Workers’ compensation insurance is required in California. This helps cover medical expenses, lost wages and so on after an employee has suffered a work-related injury or developed a work-related illness. Of course, determining whether something is work-related can be difficult in some cases.
Injuries that occur at the workplace count in addition to injuries incurred in other locations if employees were still engaged in some job-related activity, such as driving a company-owned vehicle and running a job-related errand. Even attending a company party or social event hosted by the employer counts as relating to one’s employment.
Injuries suffered during a lunch break can count if the setting was on employer-owned grounds or connected in some other way to employment. For example, the employee may have been lunching off company grounds with a client. If alcohol served at a company event contributes to an injury, victims may have a case. Mental injuries and preexisting conditions that worsened over the course of employment may also form the basis for a claim.
In California, employers may deny workers’ compensation benefits to employees who were injured while “skylarking,” or indulging in horseplay, since this constitutes a willful disregard for job safety rules. Independent contractors do not qualify for benefits. However, undocumented immigrant workers are included under an employer’s workers’ compensation insurance policy.

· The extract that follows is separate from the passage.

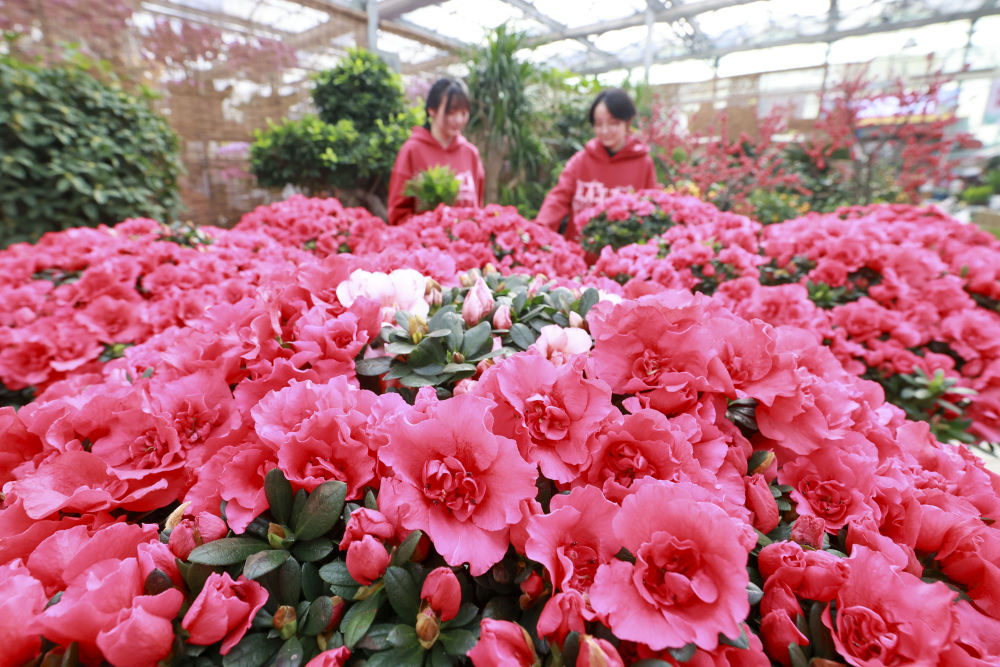 2024年2月8日,市民在河北省唐山市豐南區(qū)一處花卉市場選購鮮花。新華社發(fā)(李秀清 攝)

Workplace injuries can come in different shapes and different levels of severity. Victims may want a lawyer to assist them with the filing process while they focus on recovering. If they have incurred a permanent disability, they may need to wait until they have reached maximum medical improvement before filing for benefits. The lawyer may be able to explain all the relevant details to victims during a case evaluation. He or she may also handle any appeals.